Отвратительное: подсмотренная в детстве сцена “случки” (“или любви?”) соседки с квартирантом-армянином; рифмующийся с ней коитус инвалидов в больничном саду; “на кучах арбузов спят бесформенные голоногие торговки”; “пьяная тетка, охая, катит скрипучую детскую коляску с безобразным скарбом”. И т. д.
Любимое: папин душистый мотоцикл “Урал”; мамино лицо с прекрасно прорезанными ноздрями... Хотя бы выжившая из ума Магда, бабушкина сестра, что-то ритмически бормочущая про “град на Брянщине, ливневые дожди”.
Отвратительное съедает любимое и любовь — но в конце концов растворяется ею.

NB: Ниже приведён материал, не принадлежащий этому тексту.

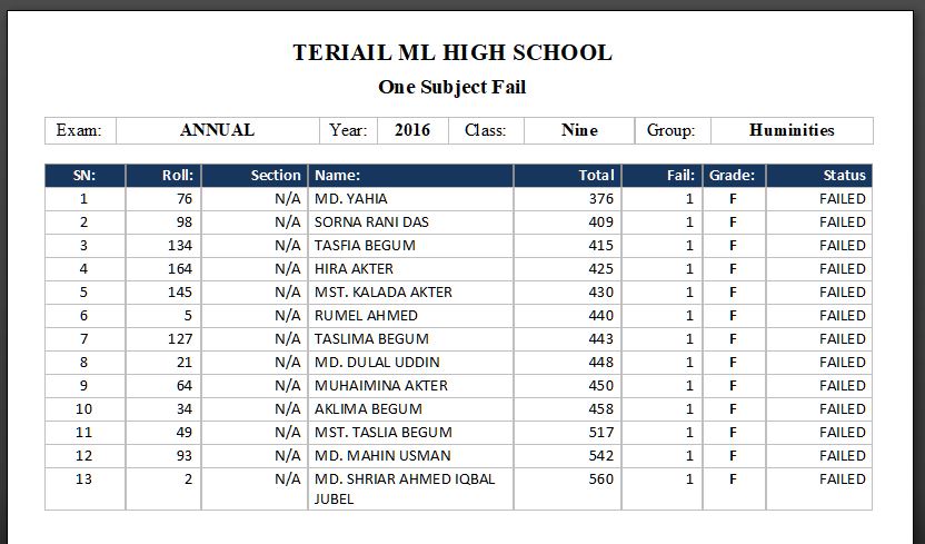 • ১ থেকে ৪ বিষয়ে অকৃতকার্যদের আলাদা তালিকা প্রিন্ট করার ব্যবস্থা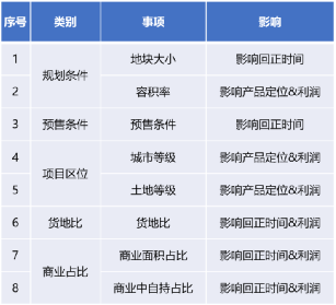 規劃條件、預售條件、項目區位、貨地比、商業占比,這五個因素中對利潤影響最大的因素和我們的以往的認識不同,但是對現金流的影響是比較直接的。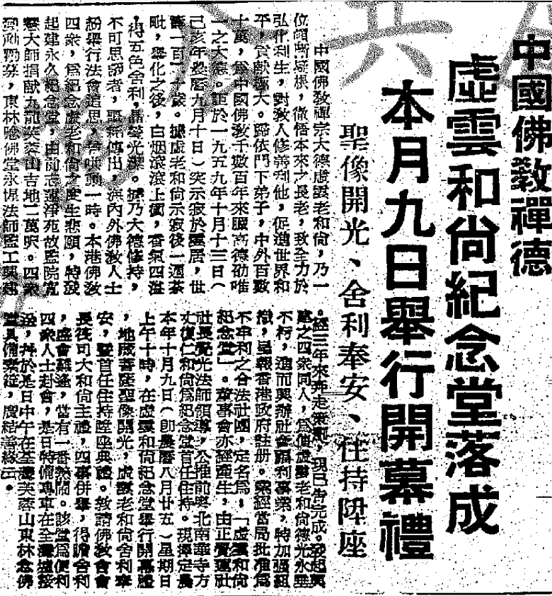 - 1963年:虛雲和尚紀念堂正式建立,由香港佛教人士發起,紀念虛雲老和尚的功德。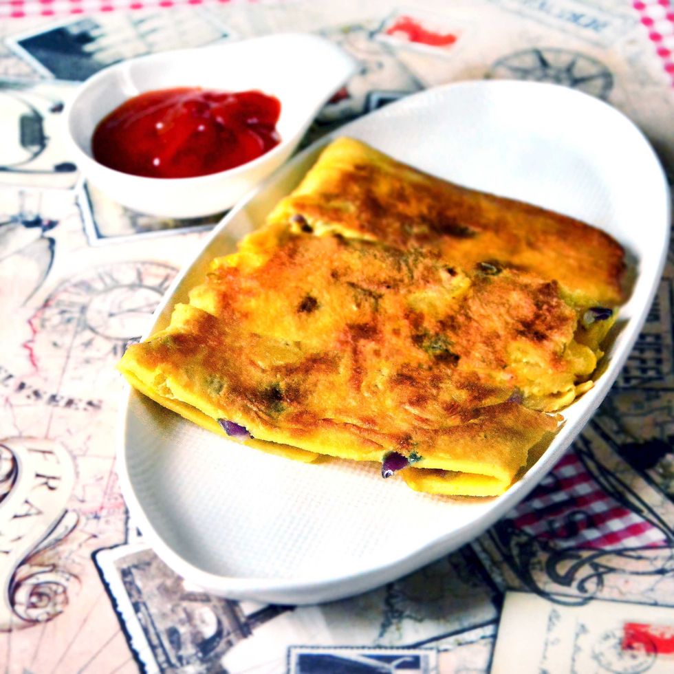 I was sitting around down nothing, reading an already read short story by Edgar Allan Poe, when the idea to invent a weekend brunch recipe came upon me. Thus was born the dish POE, rather an acronym of Pancake Omelet Envelope.

Чтобы это произошло, герой должен пройти своего рода инициацию — инициацию насилием (дурацкая ссора в молодежном “артистическом” кафе, странная драка: “...быть оглушенным колотьем своего сердца... поднимать с асфальта этого Чамбена... хрипеть что-то в его рот, касаться своими губами его губ: ничего, брат-брат, ничего-ничего — и бить-бить-мочить-мочить снова-снова расплывшуюся туманную розетку его рта...”) и инициацию сексуальную. Но катарсис наступает в эпизоде 33, когда полусумасшедшая, дряхлая Магда извлекает на свет пожелтевшую фотографию: молодая бабушка, молодая женщина по имени Элик, обнаженная, в лодке на Волге. В этот момент внутренняя связь между живым внуком и мертвой бабушкой достигает предельной интенсивности, преодолевая запреты родства и принимая почти инцестуальные формы (или скорее происходит внутреннее отождествление бабушки и внука). Границы “я” размываются. В конце книги герой погружается в бездну боли, развоплощения, унижения: “Я захожу в телефонную будку, разбередив лужу мочи на полу, подношу к уху трубку, у которой отломана половина, мне кажется, что я звоню тебе... Но что я могу сказать тебе, кроме того, что попал в аммиачный плен и сам усугубляю это дело, проливаясь собой, своей субстанцией в тот смрадный мир, где меня нет...” Автор оставляет его в этот момент — меняющегося, растерянного и готового к восхождению. Как Иаков перед битвой с ангелом, он “отстаивает право... на ничтожную оценку собственной жизни”.
Но тот, с кем предстоит бороться, “исчезает во тьме”.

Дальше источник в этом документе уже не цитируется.